Economic law is a set of legal rules for regulating economic activity. Economics can be defined as "a social science concerned with the production, distribution, and consumption of goods and services." The regulation of such phenomena, law, can be defined as "customs, practices, and rules of conduct of a community that are recognized as binding by the community", where "enforcement of the body of rules is through a controlling authority." Accordingly, different states have their own legal infrastructure and produce different provisions of goods and services.

== Economic systems ==
The objective of economic law is to address the logistics of production and distribution. Within each political and economic system, there are different and particular legal infrastructures to regulate production and distribution. These economic systems entail different philosophical and logical underpinnings when it comes to implementing the laws that govern the production of goods and services, distribution of wealth, the responsibilities of different stakeholders/key actors in the economy as well as the ownership of wealth and resources. Examples of political and economic systems include the market system (capitalism), the command system (socialism) and traditional systems.

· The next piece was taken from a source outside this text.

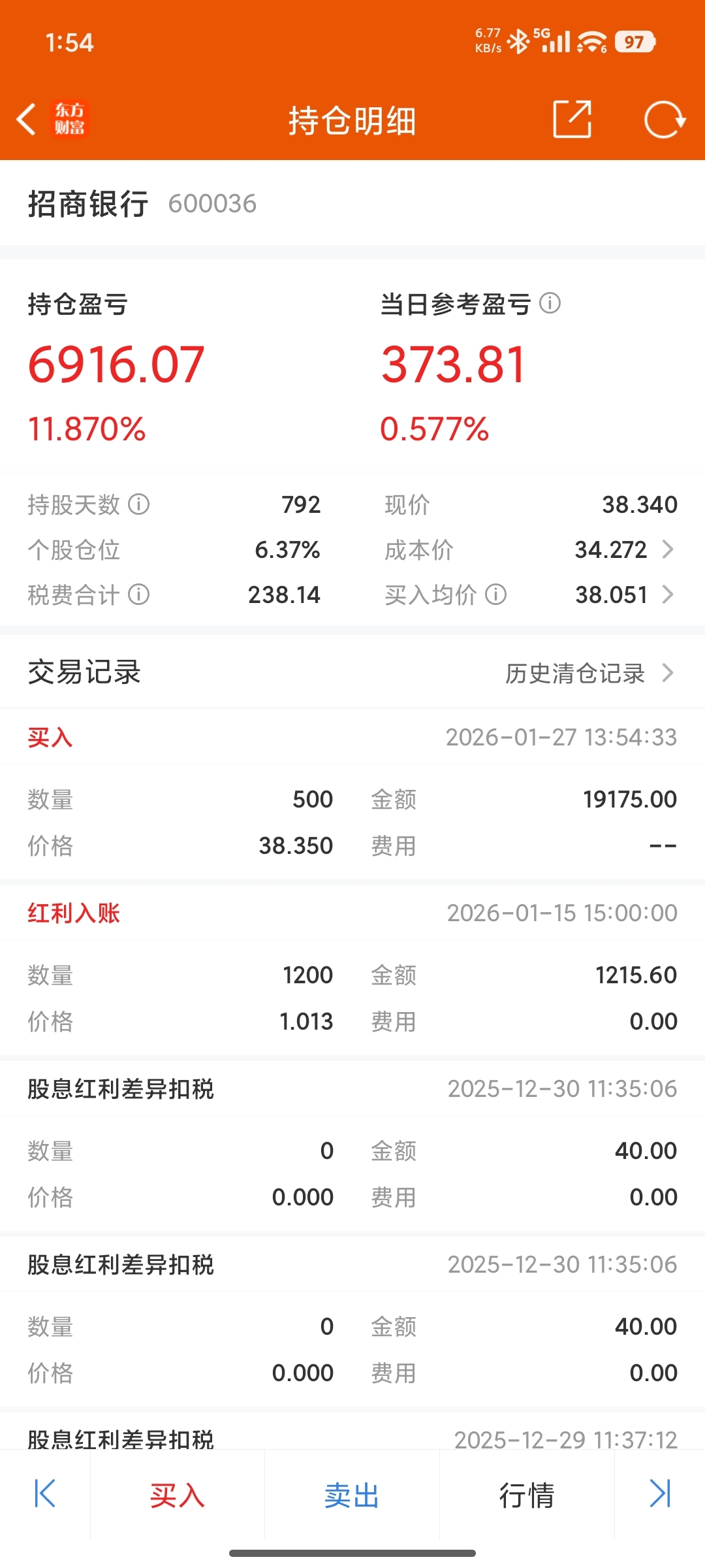 $招商银行(SH600036)$ 买入两万,做一个资金压底。#炒股日记#
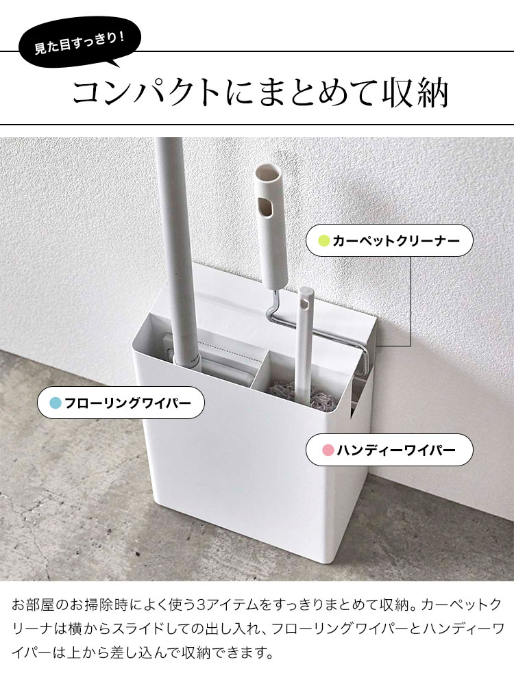 フロアワイパー、ハンディーワイパー、コロコロクリーナー 3点を一括で収納することができます。

=== Capitalism – the market economic system ===
There are varying forms and varying definitions/types of capitalism. Depending on the type of capitalism, the economic laws that govern that particular system have different levels of restrictions for the state, market and property owners. Characteristics of capitalism include the private ownership of property and the intention of production being the sales of the produced goods and services into the market. With regards to the role of the government, the primary responsibility of the state is to ensure there is an effective infrastructure for businesses to conduct in a free market society, where private ownership is key. What constitutes an effective infrastructure (which economic law is a segment of) differs between states. The different forms of capitalism stem from the different institutional arrangements particular capitalist countries have and the extent to which property is private and the level of involvement from the government in regulating commercial activity.

Based on the involvement of the government and the state's perception of the role of its government, capitalist systems can be further differentiated into Varieties of Capitalism. The  two forms of capitalist economic systems include liberal market economies (LMEs) and coordinated market economies (CMEs). LMEs entail a system of economic laws that leans towards the notion of a free market. This involves laws regulating economic activity favouring minimal government intervention of a business's competitive landscape. Such characteristics mean that laws governing a LME consist of deregulated policies that prioritise privatisation, antitrust laws that prevent monopolies, collusions and encourage competition as well as tax incentives that encourage businesses to re-invest and generate more profits. CMEs place less emphasis on the market and competition as laws that tend to govern their economic outcomes prioritise the collaboration between various stakeholders. This is evident in the existence of "deliberative institutions that serve to promote information sharing amongst firms.

=== Socialism – the command system ===
Socialism is a philosophy that asserts political and economic systems should entail public ownership of the means of production. The underpinnings of socialism opposes private ownership and champions collective/social ownership. This often entails state ownership (a form of public ownership), with the rationale being that states act in the interest of the public and distribute resources in an equitable nature. Laws that govern a socialist economies are collectivist in nature and seek to produce egalitarian outcomes. Capitalist societies allocate profits made from production to an entity's shareholders whilst in socialist economics, the purpose of production is to meet consumer needs, where profits are considered social dividends.

== Business ==
Competition laws, also known as antitrust laws, regulate the amount of dominance a company is able to have over an industry and does so via regulating business practices. Practices that are regulated include mergers and acquisitions and deceptive business practices that lead to monopolising an industry and creating unfair entry barriers, where they are the sole provider with that industry.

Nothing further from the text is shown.